**What the exercise asks**
What you return must match the listing exactly, with every image removed.

**Information provided**
● ● ● ● ●

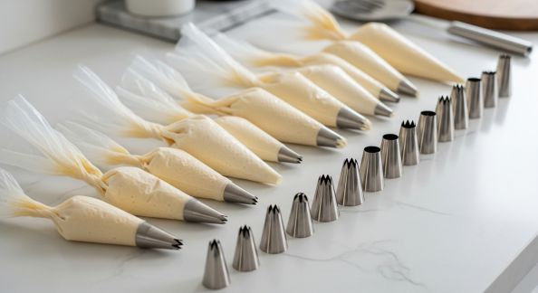 - Garnissage : percez ou fendez chaque choux et garnissez de crème à l’aide d’une poche à douille.
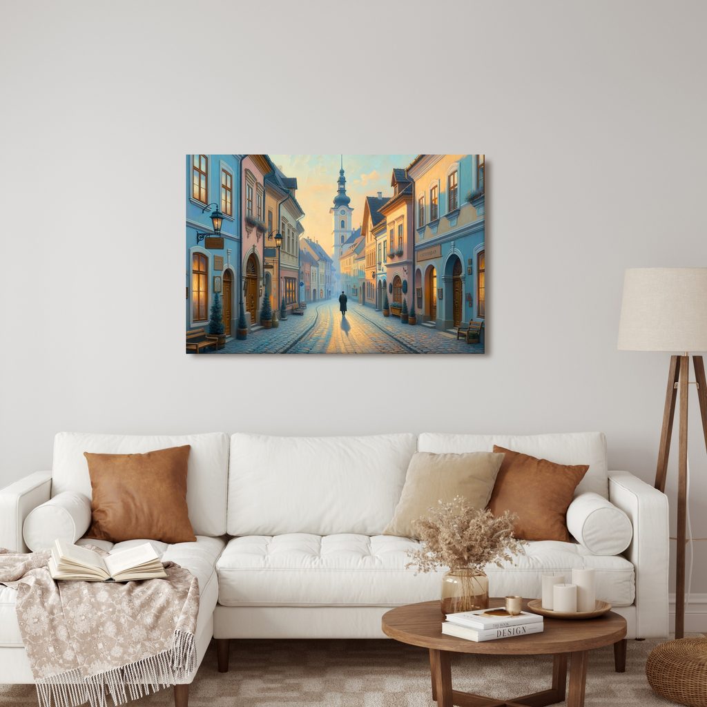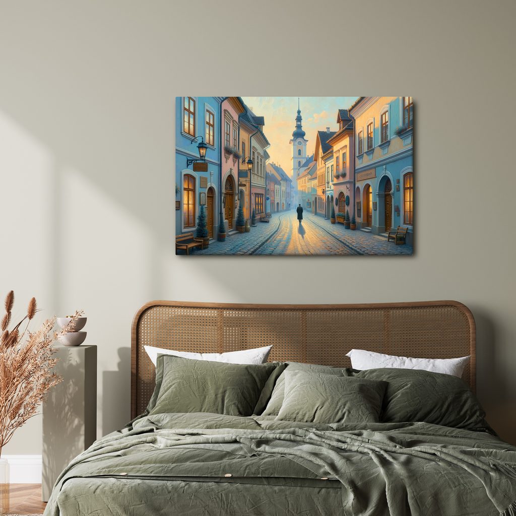 Obraz zachycuje kouzelnou procházku historickým centrem města. Na plátně se vyjímají malebné uličky s pastelovými domy, lampami a zasazenými stromy, které dodávají atmosféru klidu. Teplé odstíny oranžové a modré barvy vytvářejí příjemnou a nostalgickou náladu. Tento motiv je ideální pro oživení interiéru a dodání unikátního stylu. Obraz je vyroben z kvalitních materiálů, díky čemuž zaručuje dlouhou životnost a stálost barev.
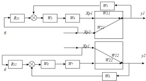 У розрахунку системи пов’язаного регулювання поділяють на автономні АСР (див. рис. 4.11). Кожну таку автономну систему розраховують як комбіновану згідно із принципом інваріантності, тобто знаходять настроювання регулятора і після цього визначають параметри динамічного компенсатора. Збуренням для автономної АСР, зображеної на рис.4.11.а, буде навантаження Хр2 а показаної на рис.4.11.б - Хр1. Таким чином, такі системи досліджують по каналу відповідно Хр2→ y1 і Хр1→ y2.
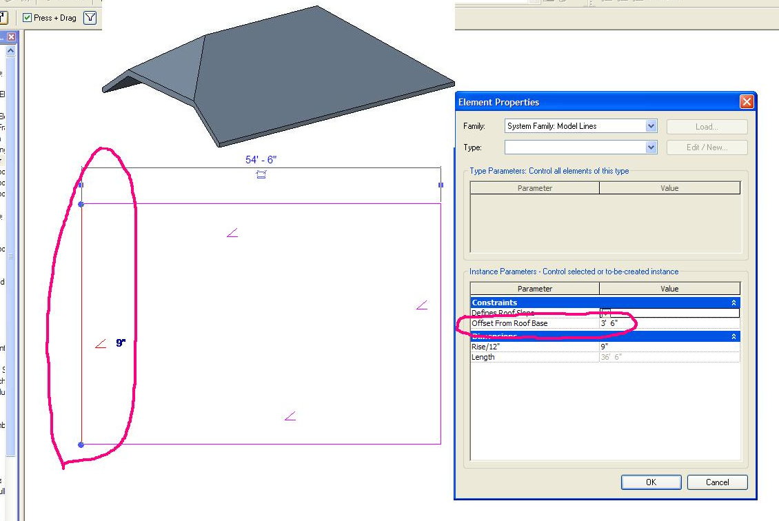 I use Reference planes in the plans and elevations to help layout the roof sketches.

● ● ● ● ●

**Problem solution**
 - Garnissage : percez ou fendez chaque choux et garnissez de crème à l’aide d’une poche à douille.
 Obraz zachycuje kouzelnou procházku historickým centrem města. Na plátně se vyjímají malebné uličky s pastelovými domy, lampami a zasazenými stromy, které dodávají atmosféru klidu. Teplé odstíny oranžové a modré barvy vytvářejí příjemnou a nostalgickou náladu. Tento motiv je ideální pro oživení interiéru a dodání unikátního stylu. Obraz je vyroben z kvalitních materiálů, díky čemuž zaručuje dlouhou životnost a stálost barev.
 У розрахунку системи пов’язаного регулювання поділяють на автономні АСР (див. рис. 4.11). Кожну таку автономну систему розраховують як комбіновану згідно із принципом інваріантності, тобто знаходять настроювання регулятора і після цього визначають параметри динамічного компенсатора. Збуренням для автономної АСР, зображеної на рис.4.11.а, буде навантаження Хр2 а показаної на рис.4.11.б - Хр1. Таким чином, такі системи досліджують по каналу відповідно Хр2→ y1 і Хр1→ y2.
 I use Reference planes in the plans and elevations to help layout the roof sketches.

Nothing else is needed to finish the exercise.